While my curiosity is running, why oak? So far what I have been doing seems to be working, but like "Mom" said the end result may not be known for a while. I live in Alaska where we have tons of spruce and birch would any one of these have any viable properties suitable for wine?
troy


----------



## cpfan (Dec 28, 2008)

Troy:

As with many wine making questions, I would suggest getting your oak from a wine making supply shop. That guarantees the right oak and that it has been aged properly.

Kits generally have you put the oak in the primary. Oak dust and chips are probably best just in the primary. But there are other oak products that people use in the carboy. These are oak staves and oak cubes (sometimes called oak beans). When I have done kits that contained oak cubes (or when I replaced the oak dust with cubes), I put the cubes in the primary then rinsed them before adding to the carboy. Be careful doing this as you can over-oak your wine this way. Yes, thats the voice of experience. However, one of our friends loved that oakiness.

Steve


----------



## Wade E (Dec 28, 2008)

When we sat oak we mean White Oak and there are a few different white oaks. There is French, American, and Hungarian. These woods have tannins in them and slightly different flavor profiles. I strongly urge you to not play around with using different woods as some will leach very undesirable flavors into your wine while others will leach poison into your wine. Do not go out a use white oak from a lumber co. either as these most likely have been treated at some point or another so as that bugs will not start chewing on the wood while it is in their inventory. There are some woods that can be used other then oak though but I dont have a list of them. I know that Italian Amarone is sometimes barreled in Cherry casks.


----------



## cpfan (Dec 28, 2008)

There was a post on one of the forums earlier this year from somebody who made his own oak chips. I believe that he used red oak. That wine was thrown out. Don't take the chance.

BTW, I strongly recommend that everything you use for wine making be intended for wine making. It increases the chance of success.

Steve


----------



## Luc (Dec 29, 2008)

Trying to answer: why oak.

Oak imparts tannin and flavors to the wine.
just like they used to store and transport wine
in oak barrels in the past.
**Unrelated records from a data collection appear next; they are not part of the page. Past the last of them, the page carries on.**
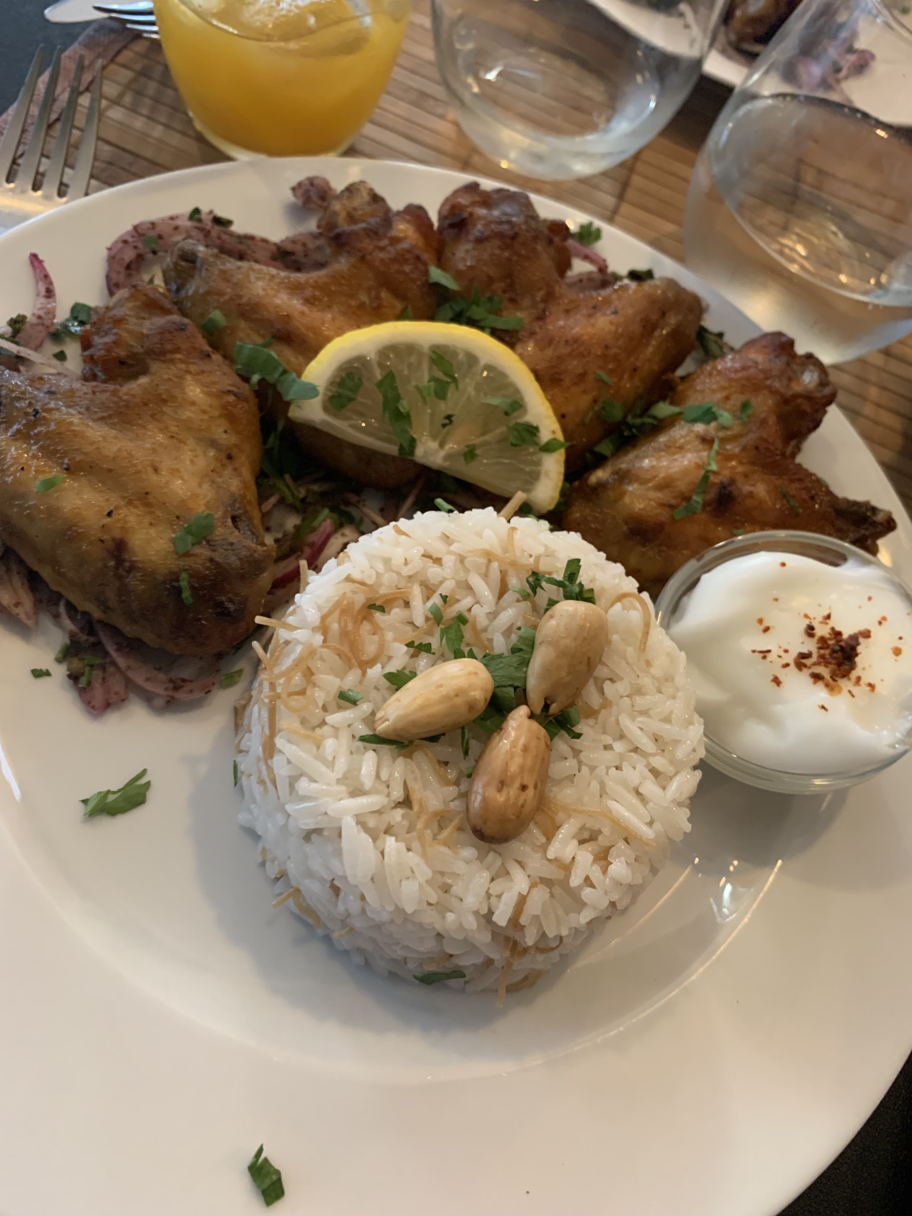 Tout simplement excellent! Tant le service que l'accueil et la qualité des plats servis. Ne passez pas à cote du café gourmand, les meilleurs baklava et mahmoul sont là! Notre bébé de 10 mois s'est senti chez lui (un peu trop même, désolé pour les miettes par terre!). Nous avons pris une formule déjeuner avec 6 mezzes choisis par le chef et des ails de poulet avec un riz aux amandes succulent + café gourmand! A très bientôt!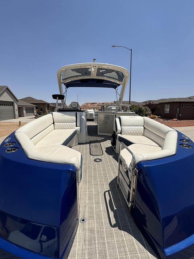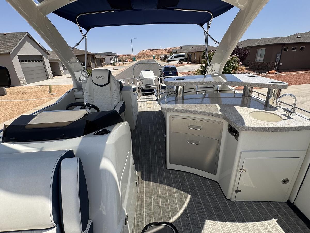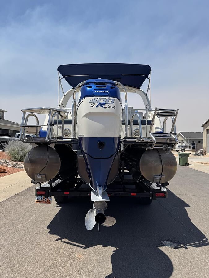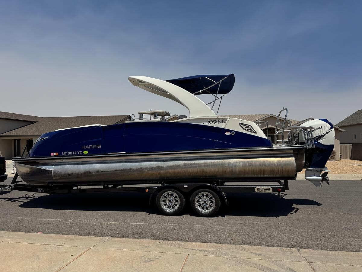 2018 Harris Pontoon 250 DL This triple pontoon brings comfort and power together with it's plush interior and Mercury's 400 R outboard (color matched cowling). Offering Simrad display, premium sound system, wet bar with sink, chrome railing, power ladder, dual battery switch, center floor storage compartment, power arch, tandem axle powder coated trailer, with stylish wheels, low hours, and much much more.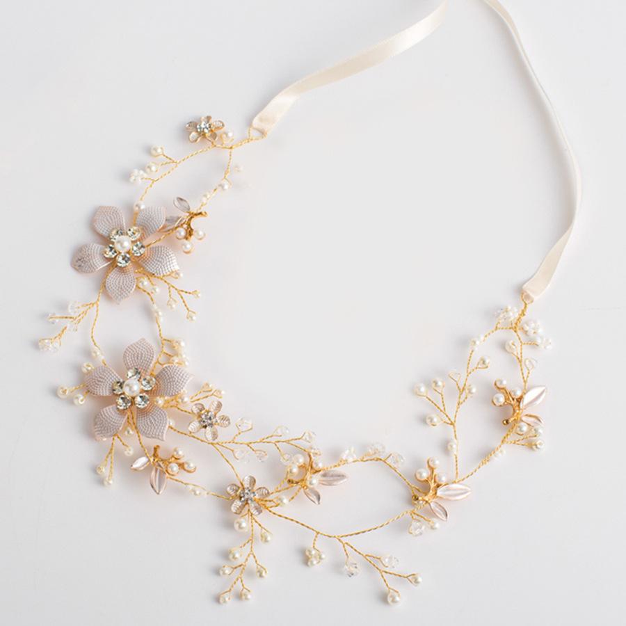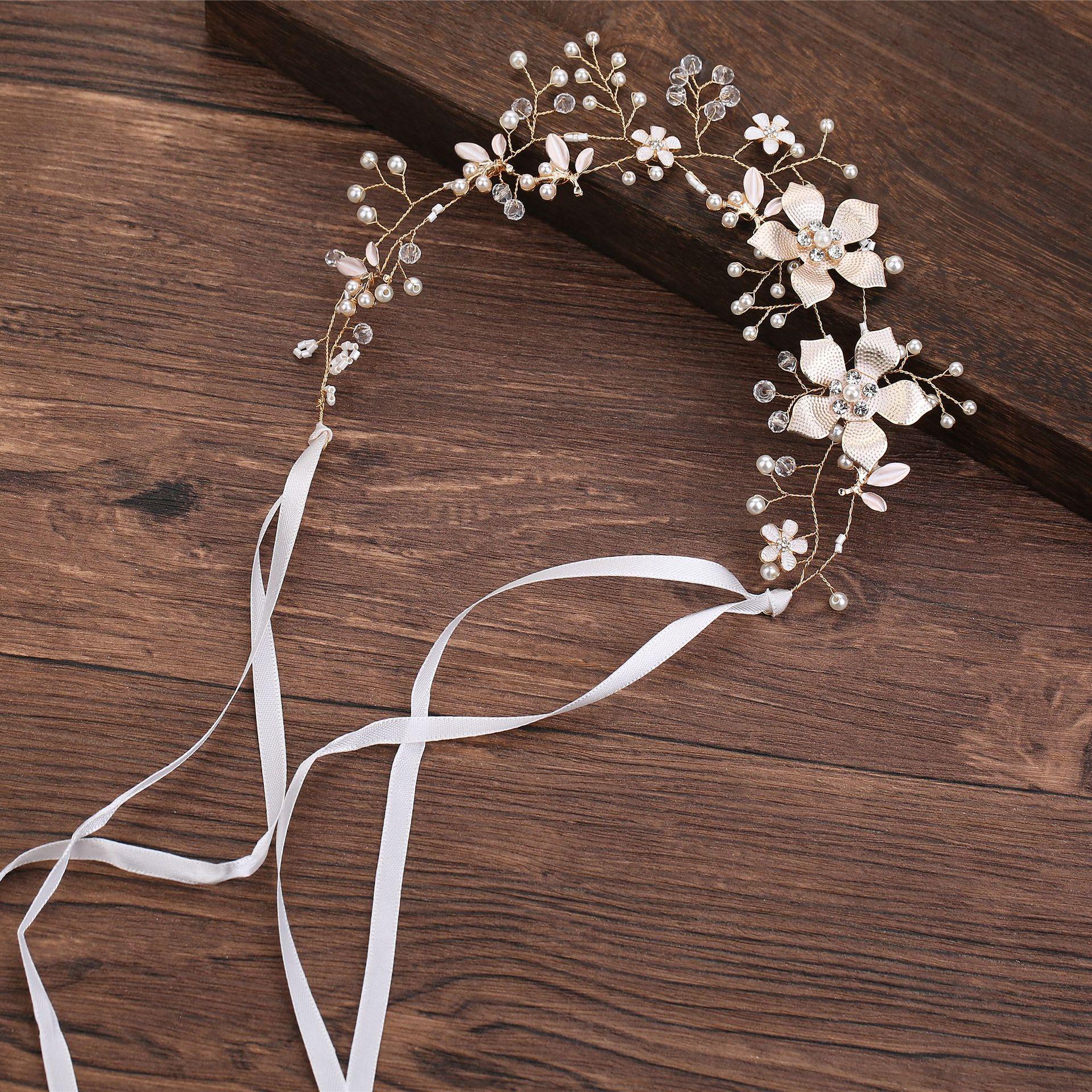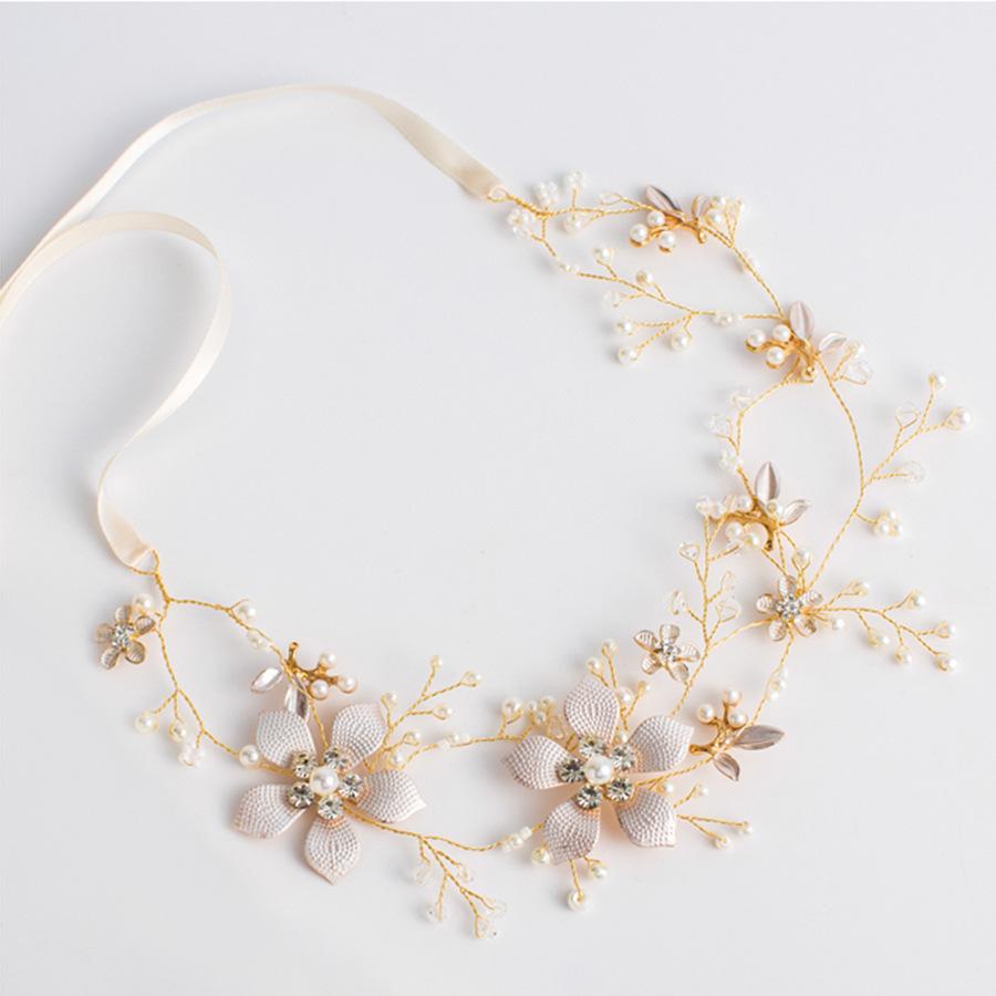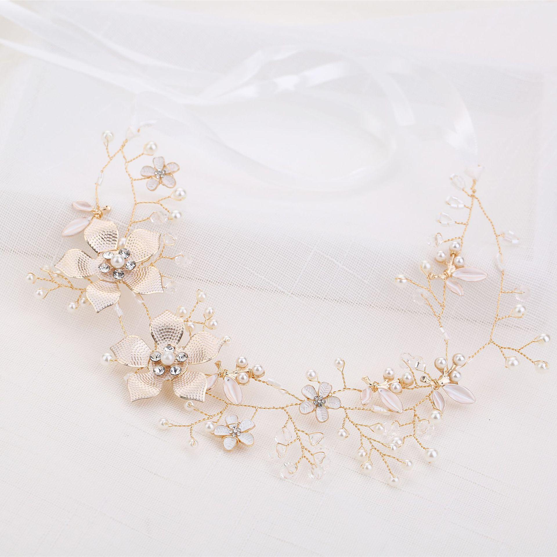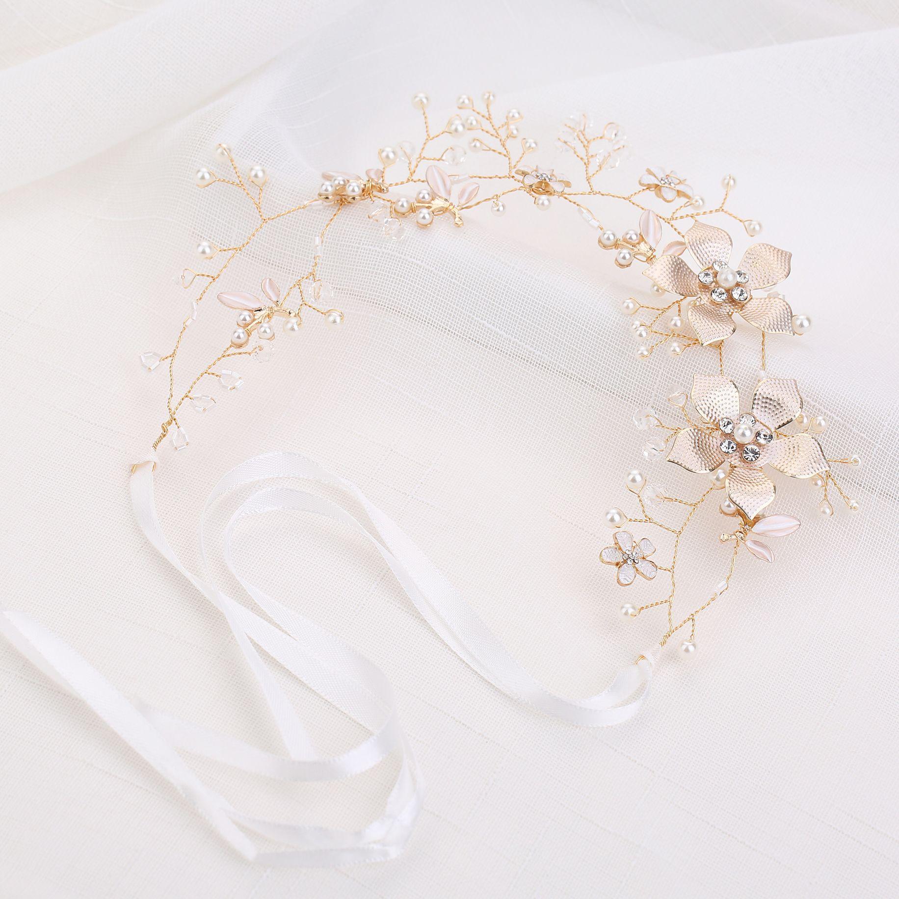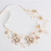 Tocado de novia coreano para boda, hecho a mano, con cuentas retorcidas y flores doradas, cadena suave, accesorios para el cabello, accesorios para vestido de novia

It gives some wines
a bit extra.

Do not oak whites or blush wines. It does not suit most
of them well.

You can also oak a wine with chips when the wine has finished.
Then when it is aging add some oak chips and do continuing
tasting experiments.
When you have the desired oak level, rack the wine from the chips.

Last thing you can do is make an oak concentrate
by adding chips to pure wodka.
I described on my web-log last yeasr:

http://wijnmaker.blogspot.com/2007/11/eiken-extract-oak-extract.html

You can add this extract to a finished wine to test
if oaking suits it. Then when you like it you can add
chips to the aging wine.

Luc


----------